Resume Ranker
Brief Description of Your Project
Resume Ranker is a web application designed to rank resumes based on their content. It processes resumes and evaluates them based on specific criteria to provide a ranking score. This project leverages on analysis and ranking, with an intuitive FastAPI backend and PostgreSQL for data storage.
1. Clone the Repository
- Navigate to the project folder.
- To zip the project folder, use the following command:
zip -r project_name.zip .
2. Set up a Virtual Environment (Optional but recommended for Python projects)
- Create a virtual environment:
python3 -m venv venv
- Activate the virtual environment:
source venv/bin/activate # On Windows: venv\Scripts\activate
3. Install Dependencies
Install the necessary Python dependencies:
pip install -r requirements.txt
4. Set up Docker (Optional)
If you are using Docker, follow these steps to build and start the web application and the database:
docker-compose up --build
This will build the Docker images and start both the web application and the database.
5. Set up Environment Variables
Create a .env file in the root directory with the following variables:
postgres_user=your_db_user
postgres_password=your_db_password
postgres_db=your_db_name
DATABASE_URL=db_url
6. Access the App
Once everything is set up, you can access the app:
How to Run the App
Method 1: With Uvicorn (using a virtual environment)
- Activate the virtual environment (if using one).
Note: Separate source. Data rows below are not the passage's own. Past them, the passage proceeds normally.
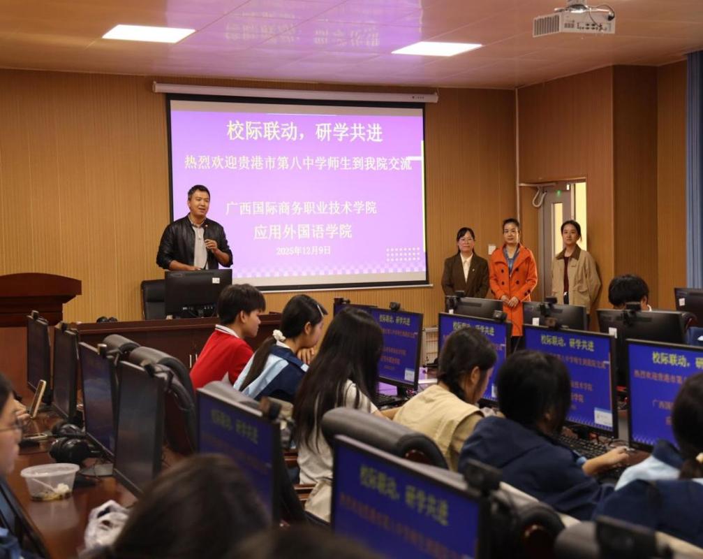 12月9日,贵港市第八高级中学100名师生走进应用外国语学院,开启一场“语言赋能教育,实践点亮成长”主题研学活动。通过“看、听、演、做”四维沉浸式体验,贵港八中学生深度感受“外语+托育”交叉融合的专业魅力与育人温度。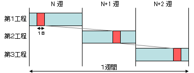 材料から製品を作るまでに3週間かかってしまいます。正味作業時間は1日×3工程で3日しかないのですから、21日間のうち18日間は無為に待っているわけです。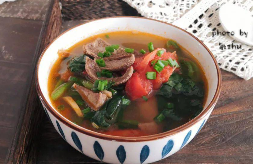 1.菠菜洗净,入沸水锅焯透,投入凉水中,沥干,切段;番茄洗净切片;猪肝洗净切片,用开水烫一下,捞出沥水。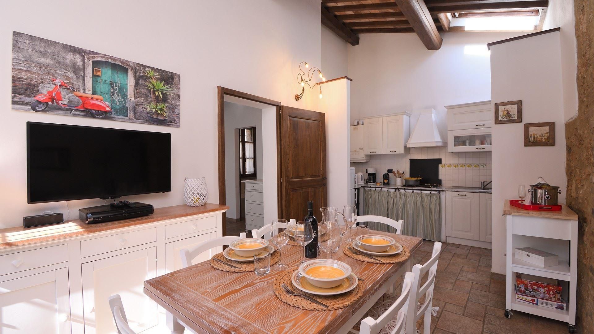 We think this cosy little home is the perfect couple's retreat. Step inside and you'll discover rustic details like stone archways, beamed ceilings, and an open fireplace. Outside, the terrace makes a scenic spot to enjoy an alfresco dinner – your host can organise a private chef for a fee. The cherry on top is the private pool, where you can cool off as the sun goes down. With its convenient location near Florence and Siena, this home is the ideal base for exploring the region's rich history, culture, and culinary scene.

- Run the FastAPI app with Uvicorn:
uvicorn app.main:app --reload
Or to bind to 0.0.0.0 on port 8000:
uvicorn app.main:app --host 0.0.0.0 --port 8000
This will start the app at http://localhost:8000.
Method 2: With Docker
To run the app with Docker, use the following command:
docker-compose up
This will start the application along with the PostgreSQL container. The app will be accessible at http://localhost:8000.
How to Run the Tests
To run the tests, follow these steps:
-
Install the test dependencies (if any):
pip install -r requirements.txt
-
Run the tests with pytest:
pytest
Or, for a custom environment:
PYTHONPATH=.:$PYTHONPATH pytest tests
This will execute the tests and show the results in the terminal.
Notes on What Works, What Doesn’t, and What You’d Improve with More Time
What Works:
- The FastAPI app is running and serving endpoints.
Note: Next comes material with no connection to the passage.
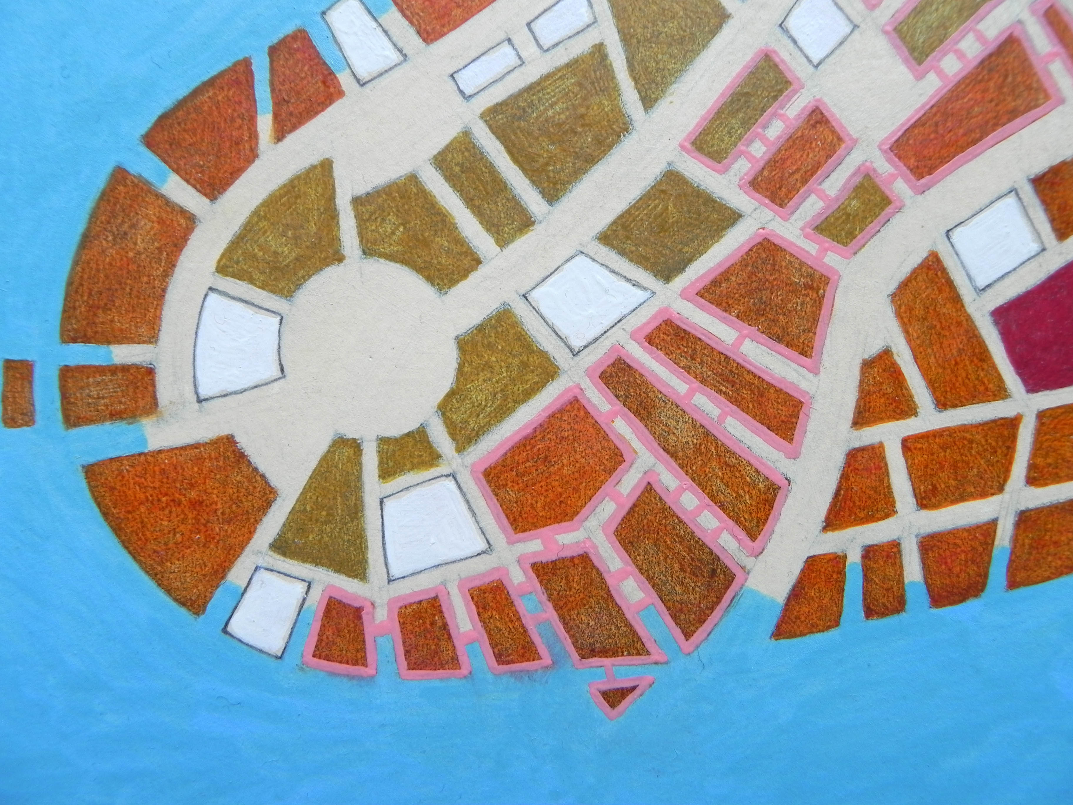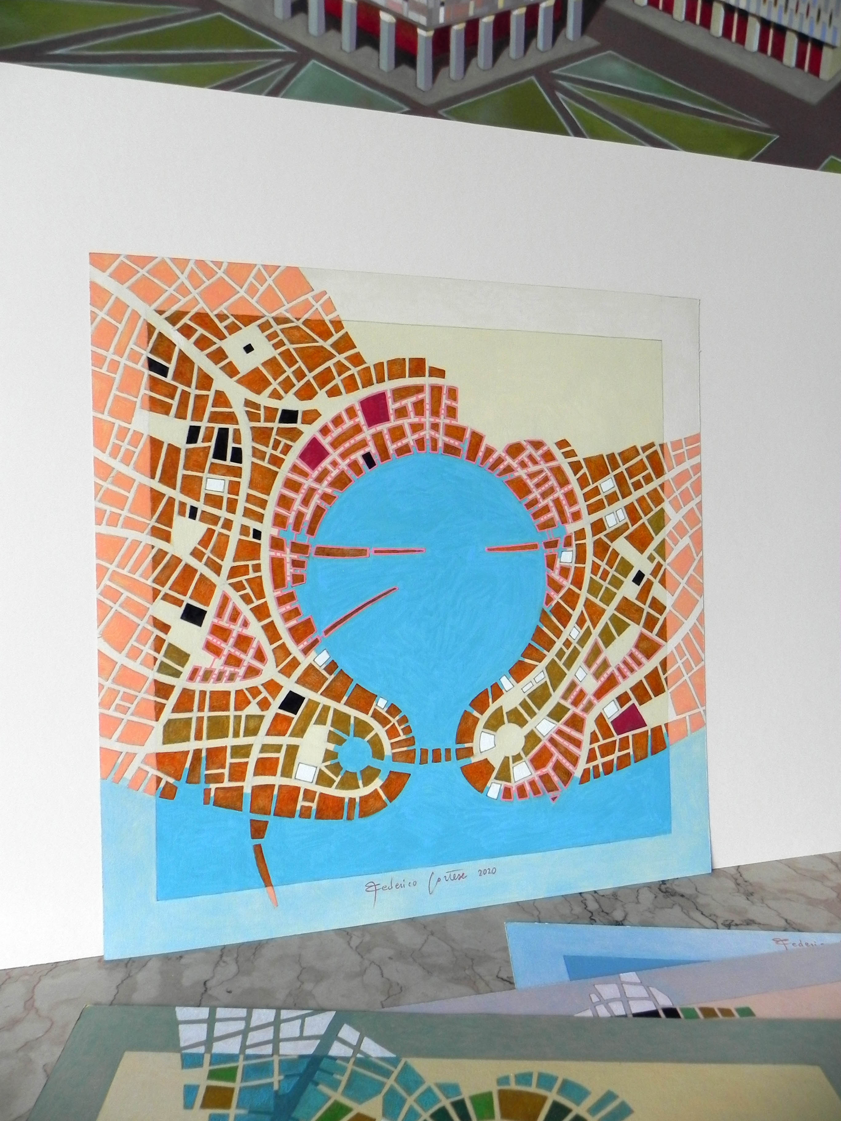 From the series “Code”, oil on thick paper, 40 x 40 cm (original sold). A map is an imprint, a sign of man in the landscape. An alien intelligence, observing our cities from the great distances of space, could interpret them as the characters of an alphabet, sort of messages, a code of signs, each one different from the other, each with its own meaning and its own syntax. This hypothetical alien presence may not even realize that these cities have a purpose and a function, which are the product of the way we have adapted to live on this planet, but it could engage in an attempt to interpret this unknown language, identifying the alphabet and associating to each character a precise meaning. Will we still be able to understand and share these new meanings, or will they have lost any sense for us?

- PostgreSQL integration is set up using Docker.
- AI Model Integration: AI models are integrated with proper subscription keys and ensures that the AI evaluation can rank resumes more accurately. And also on implemented caching and performance improvements for the AI model calls.
- API documentation is accessible via Swagger UI at http://localhost:8000/docs.
Additional Notes
- Docker: Ensure Docker and Docker Compose are installed on your machine before attempting to use the Docker setup.